● Given data
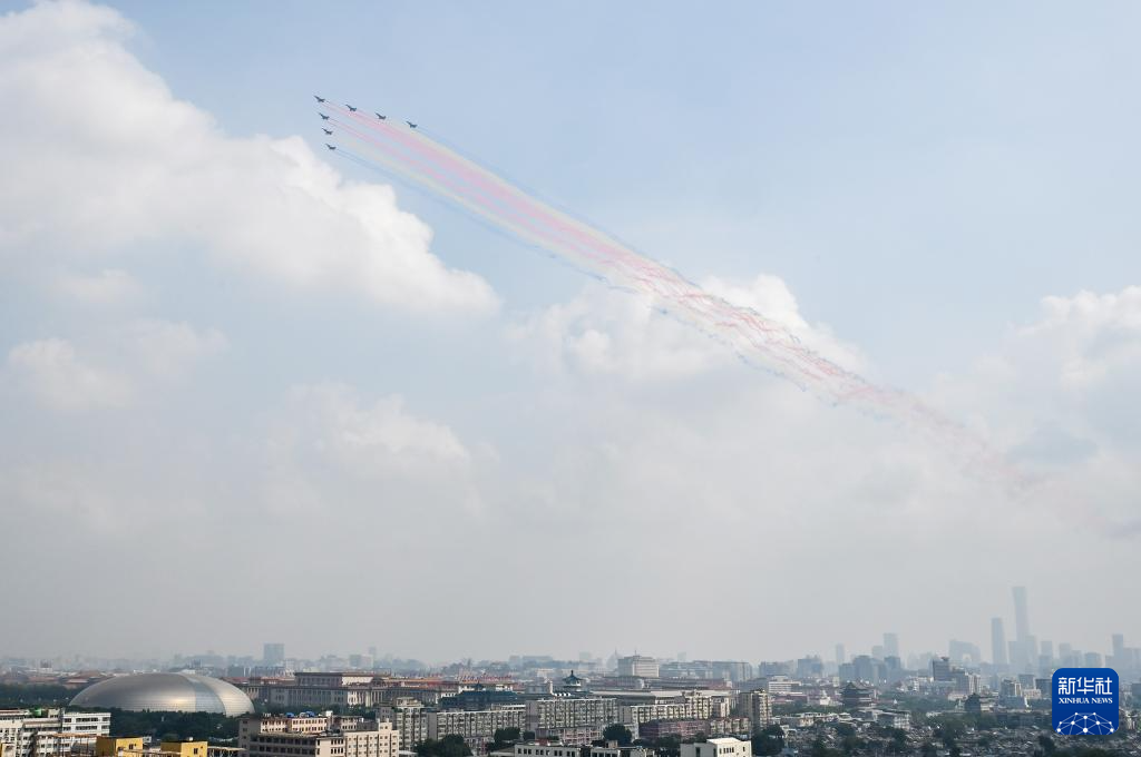 9月3日,纪念中国人民抗日战争暨世界反法西斯战争胜利80周年大会在北京隆重举行。这是教练机梯队通过天安门广场。
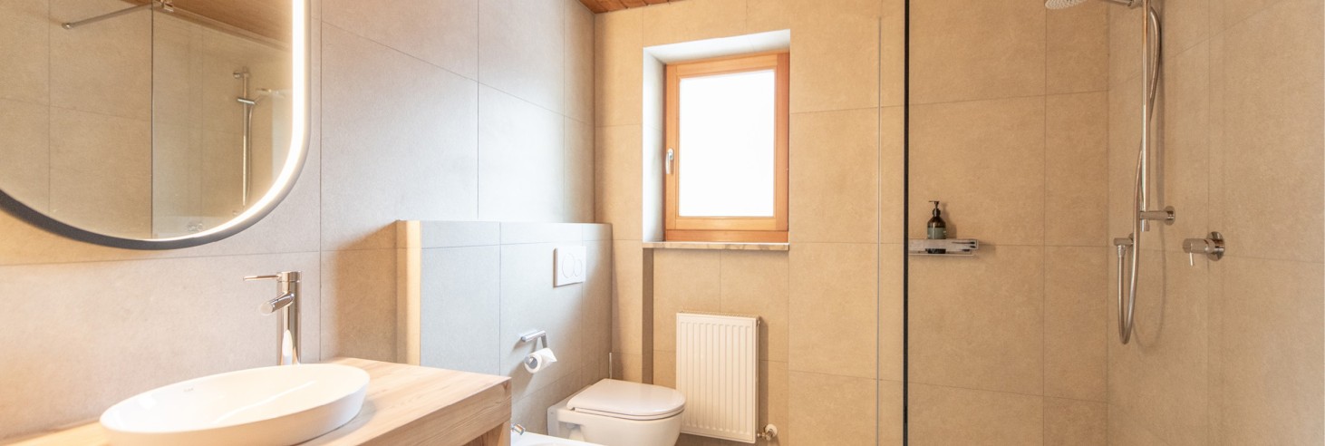 Bagno con doccia, lavandino e WC
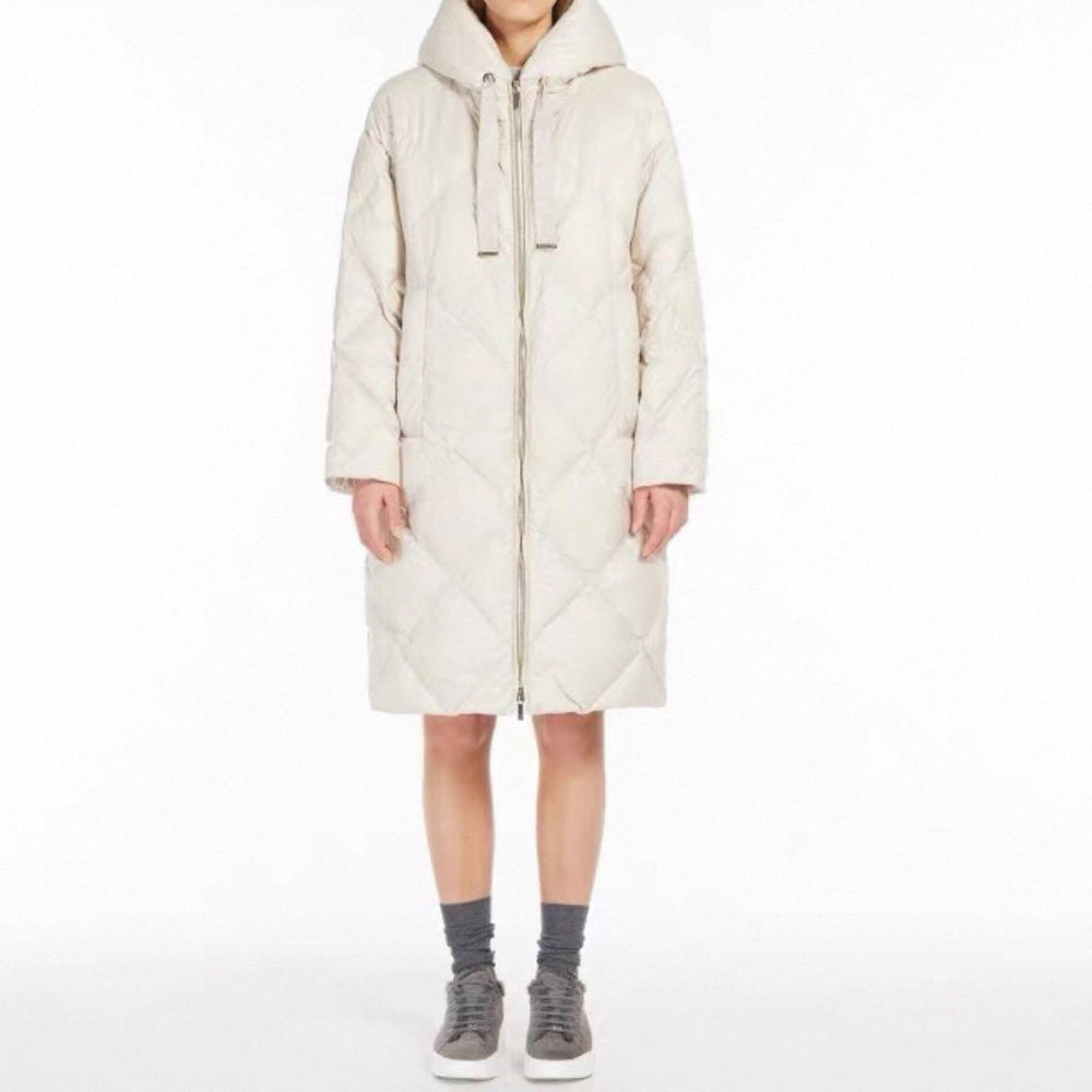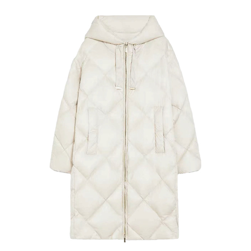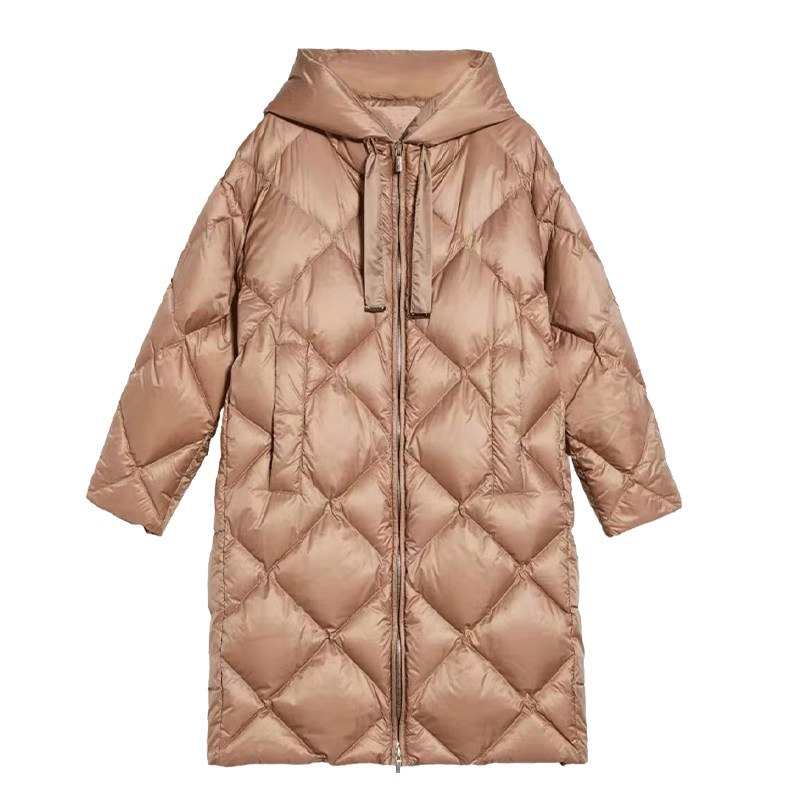 秋冬新款菱格纹羽绒服中长款连帽拉链加厚外套女士夹克

● What to work on
The output is to be the material in full and unaltered, with pictures omitted.

● Response to the task
 9月3日,纪念中国人民抗日战争暨世界反法西斯战争胜利80周年大会在北京隆重举行。这是教练机梯队通过天安门广场。
 Bagno con doccia, lavandino e WC
 秋冬新款菱格纹羽绒服中长款连帽拉链加厚外套女士夹克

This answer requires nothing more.